Création site web : prix en France, ce que vous devez vraiment savoir avant de signer
Mis à jour le 10/07/2026 par Mathieu Cazenave
La question que je reçois le plus souvent de mes clients TPE : « Mathieu, c’est quoi un prix normal pour un site web ? » La réponse honnête est que les tarifs de création site web en France varient du simple au quintuple — et que cette dispersion n’est pas toujours justifiée. Dans cet article, je vous donne les fourchettes de marché réelles, les facteurs qui font monter la facture, et les questions à poser avant de signer quoi que ce soit.

Sommaire
- Pourquoi les prix varient-ils autant d’un prestataire à l’autre ?
- Quelles sont les fourchettes de prix selon le type de site ?
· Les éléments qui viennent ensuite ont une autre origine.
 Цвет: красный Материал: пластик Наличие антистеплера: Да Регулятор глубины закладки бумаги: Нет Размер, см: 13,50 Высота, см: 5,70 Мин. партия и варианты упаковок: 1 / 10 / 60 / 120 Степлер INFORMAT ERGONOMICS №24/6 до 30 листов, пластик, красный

- Combien coûte vraiment un site web ? Les postes de dépense détaillés
- Ce que les devis ne disent pas toujours
- Comment choisir le bon prestataire sans se faire avoir ?
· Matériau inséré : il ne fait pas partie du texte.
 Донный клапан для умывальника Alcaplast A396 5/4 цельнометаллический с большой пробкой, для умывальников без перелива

- Checklist avant de signer
- Questions fréquentes
Pourquoi les prix varient-ils autant d’un prestataire à l’autre ?
La dispersion des tarifs s’explique par des réalités économiques très différentes entre prestataires, pas forcément par la qualité rendue. J’ai accompagné des artisans qui avaient reçu des devis allant de 800 € à 12 000 € pour le même besoin — un site vitrine de cinq pages avec formulaire de contact. L’écart ne reflétait pas cinq fois plus de valeur.
Plusieurs facteurs structurels expliquent cette dispersion :
- Le statut du prestataire : un freelance en micro-entreprise a une structure de coûts radicalement différente d’une agence de dix salariés à Paris. Le premier peut facturer 1 200 € et y gagner sa vie ; le second doit facturer 4 500 € pour couvrir ses charges.
- La localisation : les agences parisiennes ou lyonnaises facturent en moyenne 20 à 40 % plus cher que leurs équivalents en zone rurale ou en ville moyenne, à prestation comparable.
- Le recours aux templates : un site construit sur un thème WordPress premium acheté 60 € et personnalisé en quelques heures n’a pas le même coût de production qu’un développement sur mesure, même si le résultat final se ressemble.
- Le niveau de sur-vente : certains prestataires incluent des options dont une TPE n’a objectivement pas besoin au démarrage (chatbot, multi-langue, espace client complexe).
Je ne dis pas que les agences coûteuses ne valent rien. Je dis que le prix ne garantit pas la qualité, et que comprendre ces écarts vous aide à négocier ou à choisir le bon niveau de prestation.

Quelles sont les fourchettes de prix selon le type de site ?
Voici les ordres de grandeur que j’observe sur le marché français en 2026. Ces fourchettes couvrent la conception, l’intégration et la mise en ligne — pas les coûts récurrents (hébergement, nom de domaine, maintenance).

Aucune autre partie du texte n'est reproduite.